The Bank of England has published a staff working paper exploring how specialist lenders adjusted loan fees to facilitate credit in segmented mortgage markets following an interest rate increase. The paper uses administrative data from the UK to analyze financing outcomes and product design adjustments.

What changed

This Bank of England staff working paper, published on March 20, 2026, analyzes the impact of interest rate increases on the UK mortgage market. It finds that specialist lenders adjusted their product designs by charging higher loan fees to offset smaller interest rate pass-throughs, thereby facilitating credit and maintaining interest-coverage ratios for certain borrower types. The research utilizes administrative data on mortgage originations to individual real estate investors.

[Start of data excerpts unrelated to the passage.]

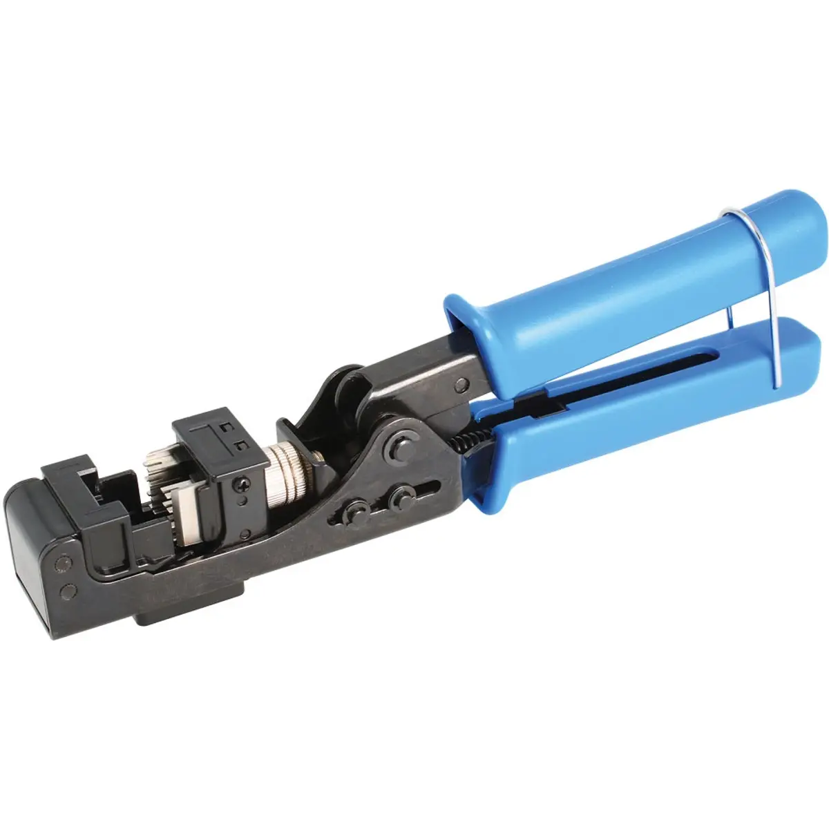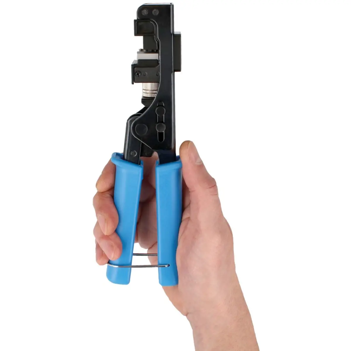 Ferramenta profissional adequada para cravar cabos de dados UTP em conectores RJ45 tipo Keystone de 90° com terminais IDC110. Permite a cravação simultânea dos oito fios e o corte do excedente de forma precisa, garantindo um acabamento limpo e eficiente. Ideal para instalações rápidas e seguras em redes estruturadas. Possui dispositivo de bloqueio para armazenamento fácil e seguro.
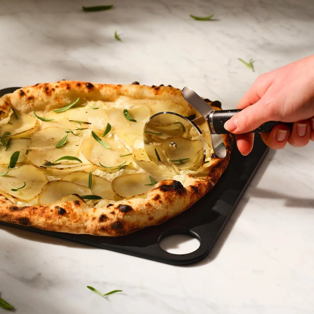 - Scharfe Edelstahl-Rundklinge schneidet sanft durch knusprigen Teig und reichhaltig beschichteten Pizzabelag
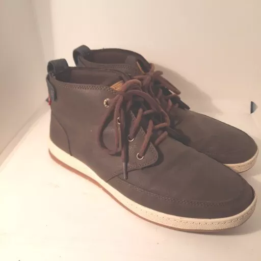 Elevate your shoe game with these stylish Levi's ankle boots. The brown leather upper and round toe shape give these shoes a classic look, while the lace-up closure ensures a secure and comfortable fit. The rubber outsole provides durability and traction, making these boots suitable for any casual occasion during the summer, fall, or spring seasons. Featuring the Levi's logo accents and cushioned insole, these boots offer both style and comfort. With a regular calf width and ankle shaft style, these boots are perfect for men who love the chukka style. Available in size US 9, these pre-owned boots are a great addition to any shoe collection. Shoes strings are slightly faded.
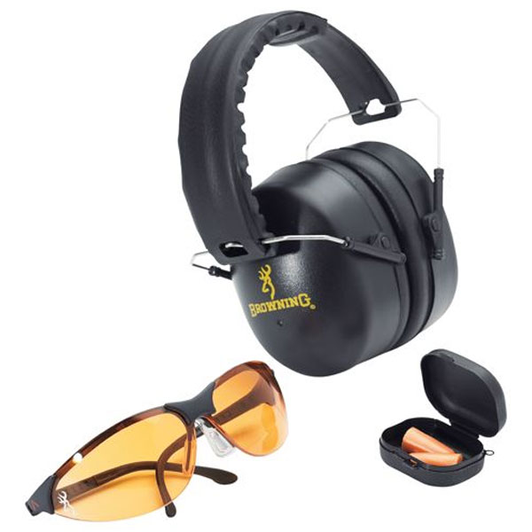 Комплект для стрельбы Browning Shooting Range Kit состоит из: тонированных поликарбонатных очков для стрельбы, берушей из мягкой пены до 31 дБ и наушников до 27 дБ.
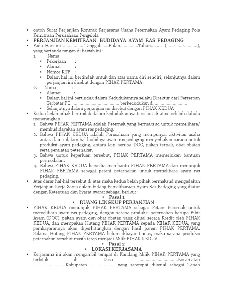 Contoh Surat Perjanjian Kerjasama Usaha Peternakan Ayam
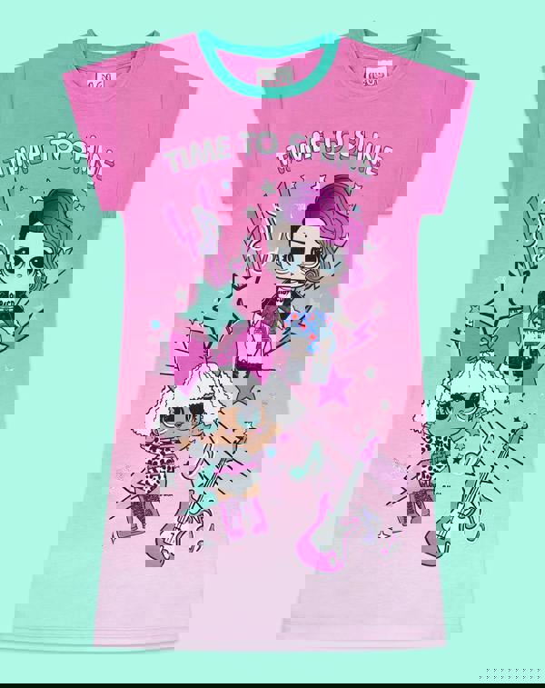 The pink and white crew neck dress has short sleeves and features the characters across the front with the slogan "Time to Shine."

This document is a research paper intended to stimulate debate and does not impose new regulatory requirements. Compliance officers should note the findings regarding market segmentation and lender responses to interest rate changes, which may inform risk assessments and strategic planning. No immediate actions are required by regulated entities, as this is a non-binding research publication.

Source document (simplified)

Interest-rate fee substitution: credit facilitation in segmented markets

Staff working papers set out research in progress by our staff, with the aim of encouraging comments and debate.


Published on

20 March 2026

Staff Working Paper No. 1,176

By João Cocco, S Lakshmi Naaraayanan and Jagdish Tripathy

We use administrative data covering the universe of mortgage originations to individual real estate investors in the United Kingdom to study financing outcomes following a large, unanticipated increase in interest rates. Post-shock, originations become more concentrated among specialist lenders, who exhibit lower interest rate pass-through for larger borrowers. To offset these smaller rate increases, they charge higher loan fees, thereby attenuating the impact of higher rates on interest-coverage ratios and facilitating credit. High-frequency evidence from loans on offer show similar responses, indicating that specialist lenders adjust product design to target specific borrower types and, in doing so, reinforce market segmentation.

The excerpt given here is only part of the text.